** Opening Supplied material block **
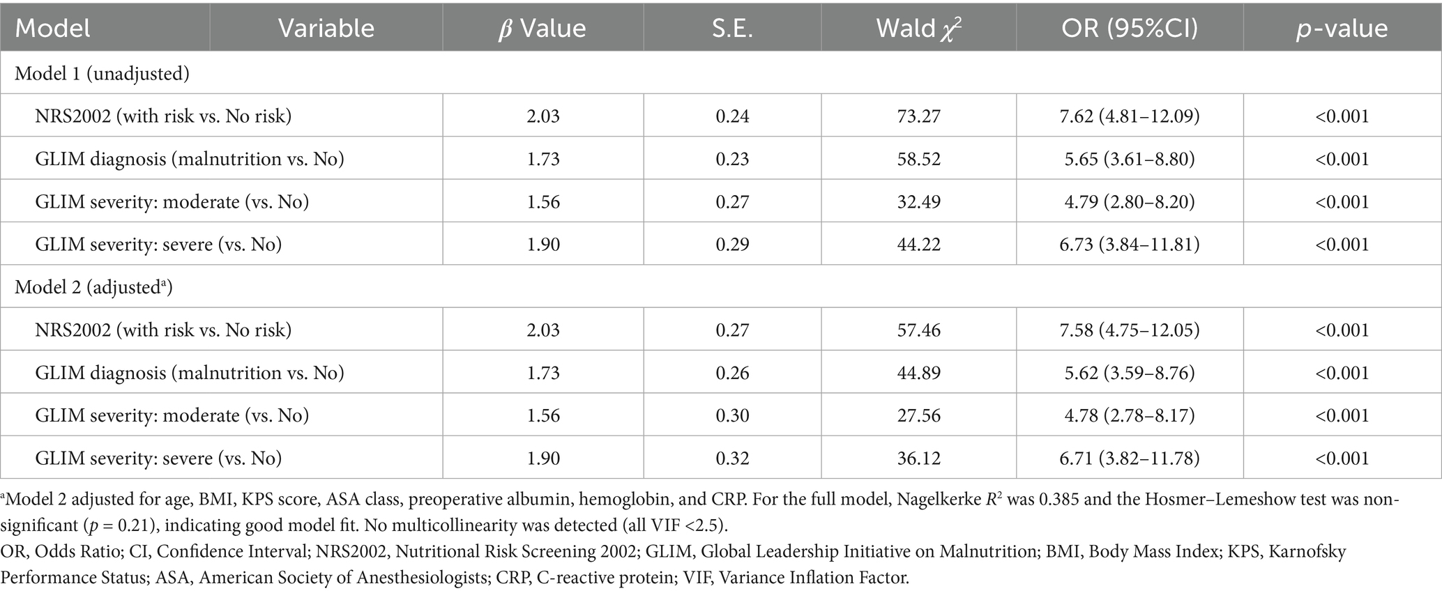 Univariable logistic regression analysis indicated that NRS2002-defined nutritional risk, GLIM-defined malnutrition, and GLIM malnutrition severity grades were significantly associated with an increased risk of postoperative complications. After adjusting for potential confounding factors (age, BMI, KPS score, ASA class, preoperative albumin, hemoglobin, and CRP) in the multivariable model, these associations remained statistically significant (Table 4).
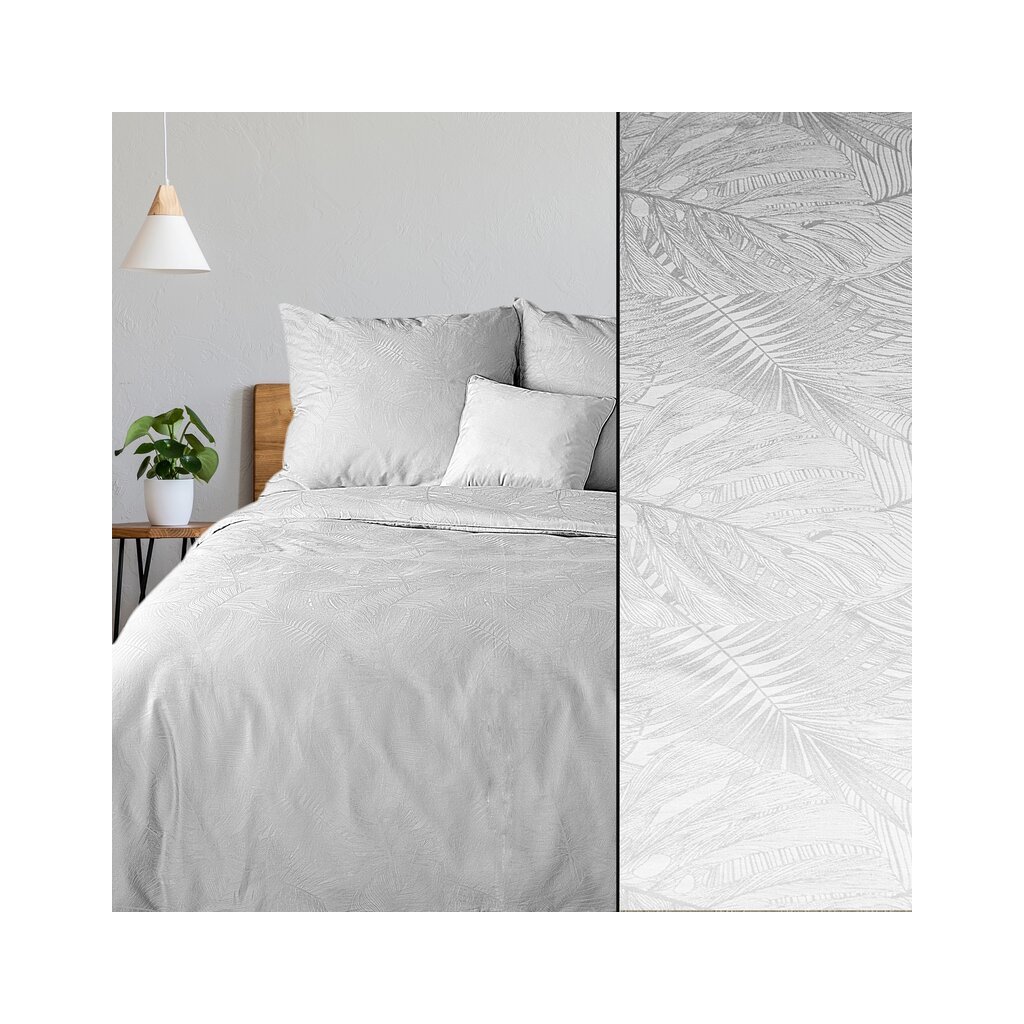 Pamut ágyneműgarnitúra - damaszt jacquard mintával, szélesség: 160 cm, hosszúság: 200 cm, szín: fehér, súly: 120 GSM, összetétel: damaszt, 100% pamut. A csomag tartalma 1 db 160 x 200 cm, 2 db 70 x 80 cm.
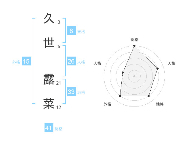 久世 露菜さんを姓名の画数から五運を鑑定
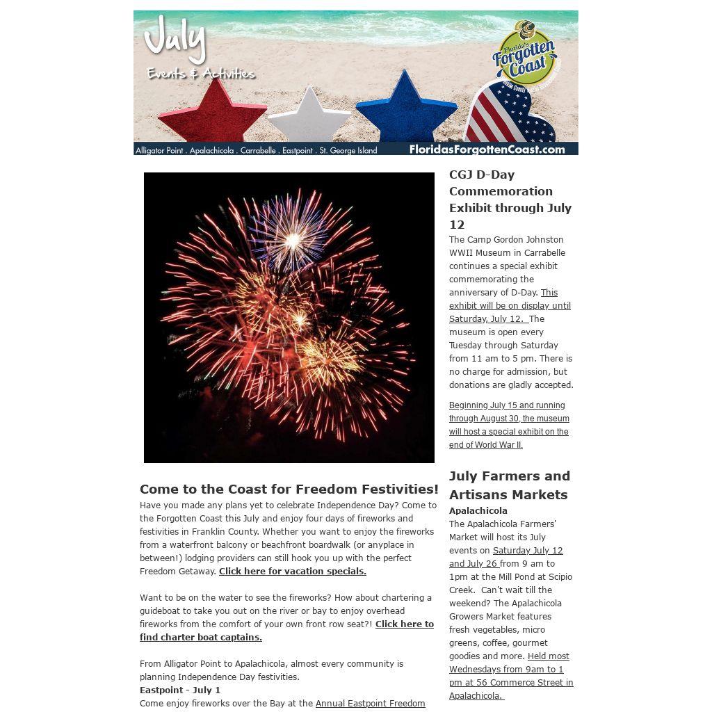Have you made any plans yet to celebrate Independence Day? Come to the Forgotten Coast this July and enjoy four days of fireworks and festivities in Franklin County. Whether you want to enjoy the fireworks from a waterfront balcony or beachfront boardwalk (or anyplace in between!) lodging providers can still hook you up with the perfect Freedom Getaway. Click here for vacation specials.
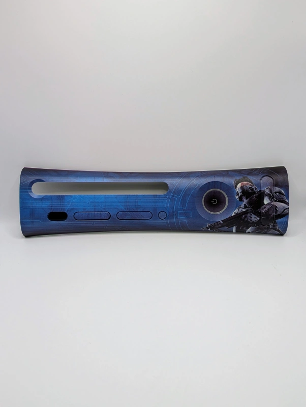 The Halo Faceplate for the Xbox 360 is a classic collectible for fans, designed to replace the standard white front shell of the original “Fat” console with a custom metallic-green and Master Chief-inspired aesthetic.
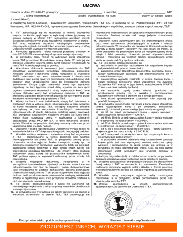 UMOWA zawarta w dniu 2012-02-28 pomiędzy: ___________________________, z siedzibą: _______________, ______________, NIP: _________, którą reprezentuje ________________, (osoba wyjeżdżająca na kurs: ____________) – zwany w dalszej części „Uczestnikiem”), a Katarzyną Onyśk-Lisowską i Sławomirem Lisowskim, wspólnikami T&T S.C. z siedzibą w: ul. Paderewskiego 3/11, 04-450 Warszawa, NIP: 952-18-73-043, reprezentowaną przez Sławomira Lisowskiego – wspólnika, zwaną w dalszej części umowy „T&T”. 1. T&T zobowiązuje się do rezerwacji w imieniu Uczestnika miejsca na kursie językowym w wybranej szkole językowej za granicą będącej w ofercie T&T, wykupienia wszelkich innych świadczeń zamówionych przez Uczestnika i dostępnych w ofercie T&T oraz uzyskania wszelkich niezbędnych dokumentów dotyczących wyjazdu i uczestnictwo w kursie (oprócz wizy, o którą Uczestnik winien wystąpić we własnym zakresie). 2. Formularz zgłoszenia i oferta cenowa przesłana e-mailem w dniu 2012-02-28 stanowią integralną część niniejszej umowy. 3. W przypadku braku miejsc na wybranym przez Uczestnika kursie T&T przedstawi Uczestnikowi nową ofertę. W razie jej nie przyjęcia Uczestnik otrzyma pełen zwrot kosztów wniesionych na rzecz T&T i szkoły językowej za granicą. 4. Warunkiem dokonania rezerwacji jest przesłanie do T&T prawidłowo wypełnionego formularza zgłoszenia, podpisanie niniejszej umowy i dokonanie wpłaty należności w wysokości 100% należności za: kurs, zakwaterowanie i świadczenia dodatkowe oraz pełnej opłaty za bilet lotniczy /lub autokarowy /lub kolejowy oraz ubezpieczenie (jeśli te świadczenia zostaną zamówione). Druga część należności winna być zapłacona najpóźniej na trzy tygodnie przed datą wyjazdu na kurs (pod rygorem odwołania rezerwacji i utraty wpłaconych kwot). Inne terminy płatności winny być uzgadniane pisemnie z T&T. W przypadku zgłoszeń dokonywanych później niż trzy tygodnie przed wyjazdem terminy wpłat będą ustalane z T&T. 5. Wpłaty za kurs i inne świadczenia mogą być dokonane w złotówkach i/lub w walucie obcej (obowiązującej w kraju wyjazdu) na konto wskazane przez T&T. Wstępny kosztorys zostanie sporządzony w dniu otrzymania kompletnych dokumentów zgłoszeniowych. Z chwilą dokonania ostatniej wpłaty pracownik T&T przygotuje szczegółowy kosztorys wyjazdu wg kursu danej waluty (kurs sprzedaży dewiz – rozliczenia z klientami) ogłaszanego przez PKO BP S.A. w dniu dokonania ostatniej wpłaty. Wszelkie nadpłaty lub niedopłaty zostaną rozliczone przed uzgodnioną datą wyjazdu na kurs. 6. Uczestnik / osoba reprezentująca Uczestnika wyraża zgodę na wystawienie faktur VAT dotyczących wyjazdu bez jego/jej podpisu. 7. Wszelkie zmiany związane z wyjazdem winny być uzgadniane z T&T i przedstawiane w formie pisemnej pod rygorem nieuwzględnienia ich przez T&T. W przypadku zmiany przez Uczestnika terminu wyjazdu, środka transportu, szkoły itp., po dokonaniu stosownych rezerwacji i wykupieniu biletu na przejazd, ewentualne koszty naliczone z tego tytułu przez szkołę lub przewoźnika obciążają Uczestnika. Za zmiany, które skutkują naliczeniem przez szkołę lub przewoźnika dodatkowych opłat, T&T pobiera opłaty w wysokości naliczonej przez szkołę lub przewoźnika. 8. Wszelkie niezbędne dokumenty rejestracyjne a w szczególności potwierdzenie rejestracji na kursie, adres i warunki zakwaterowania oraz bilet na przejazd i polisa ubezpieczeniowa (jeśli świadczenia te zostaną zamówione) zostaną przekazane Uczestnikowi najpóźniej na 7 dni przed uzgodnioną datą wyjazdu na kurs. Jeśli po dostarczeniu dokumentów nastąpią jakiekolwiek zmiany w organizacji kursu i/lub przejazdu Uczestnik zostanie o nich niezwłocznie powiadomiony. 9. T&T ponosi odpowiedzialność z tytułu nie wykonania lub nienależytego wykonania z winy umyślnej warunków określonych w niniejszej umowie. 10. W przypadku nie wywiązania się szkoły językowej za granicą z warunków określonych w ofercie T&T, T&T zobowiązuje się niezwłocznie interweniować po zgłoszeniu nieprawidłowości przez Uczestnika. Zostaną wzięte pod uwagę jedynie uzasadnione zastrzeżenia. 11. Uczestnik kursu zobowiązany jest do przestrzegania prawa oraz norm zachowania obowiązujących w szkole i miejscu zakwaterowania. W przypadku ich naruszenia Uczestnik może być usunięty z danej szkoły i odesłany (na jego koszt) do Polski. W takim przypadku nie przysługuje zwrot za niewykorzystany okres pobytu i bilet powrotny. Uczestnik ponosi odpowiedzialność prawną i materialną za wszelkie szkody spowodowane przez siebie w czasie podróży i pobytu na kursie. 12. T&T nie ponosi odpowiedzialności za: a) opóźnienia w podróży, uszkodzenie lub zagubienie bagażu (odpowiedzialność ponosi przewoźnik), b) zagubienie przez Uczestnika dokumentów, pieniędzy, biletu i rzeczy wartościowych (zalecane jest przechowywanie ich w szkole lub u rodziny), c) nieszczęśliwe wypadki zaistniałe w czasie trwania kursu i koszty leczenia poniesione przez Uczestnika (na życzenie Uczestnika T&T wykupi w jego imieniu ubezpieczenie WARTA Travel – na czas podróży i pobytu), d) nie wyrażenie zgody przez władze graniczne na przekroczenie granicy (np. w związku z pozostawaniem Uczestnika w konflikcie z prawem lub z innego powodu), e) inne skutki spowodowane działaniem siły wyższej (np. powódź, huragan itp.). 13. W przypadku konieczności rezygnacji z kursu przez Uczestnika (przed rozpoczęciem kursu i po dokonaniu stosownych rezerwacji), Uczestnik ponosi następujące koszty rezygnacji: a) do 50 dni przed rozpoczęciem kursu – opłaty wpisowe / rejestracyjne na rzecz szkoły + 400 PLN, b) od 49 do 28 dnia przed rozpoczęciem kursu – opłaty wpisowe / rejestracyjne na rzecz szkoły + 800 PLN, c) od 27 do 18 dnia przed rozpoczęciem kursu – opłaty wpisowe / rejestracyjne na rzecz szkoły + 2 500 PLN, d) od 17 do 6 d
** Closing Supplied material block **
What the exercise asks: Starting at the first line of the material above and ending with the line that contains "The Halo Faceplate", reproduce every line exactly, and leave out the pictures.

Answer section:
 Univariable logistic regression analysis indicated that NRS2002-defined nutritional risk, GLIM-defined malnutrition, and GLIM malnutrition severity grades were significantly associated with an increased risk of postoperative complications. After adjusting for potential confounding factors (age, BMI, KPS score, ASA class, preoperative albumin, hemoglobin, and CRP) in the multivariable model, these associations remained statistically significant (Table 4).
 Pamut ágyneműgarnitúra - damaszt jacquard mintával, szélesség: 160 cm, hosszúság: 200 cm, szín: fehér, súly: 120 GSM, összetétel: damaszt, 100% pamut. A csomag tartalma 1 db 160 x 200 cm, 2 db 70 x 80 cm.
 久世 露菜さんを姓名の画数から五運を鑑定
Have you made any plans yet to celebrate Independence Day? Come to the Forgotten Coast this July and enjoy four days of fireworks and festivities in Franklin County. Whether you want to enjoy the fireworks from a waterfront balcony or beachfront boardwalk (or anyplace in between!) lodging providers can still hook you up with the perfect Freedom Getaway. Click here for vacation specials.
 The Halo Faceplate for the Xbox 360 is a classic collectible for fans, designed to replace the standard white front shell of the original “Fat” console with a custom metallic-green and Master Chief-inspired aesthetic.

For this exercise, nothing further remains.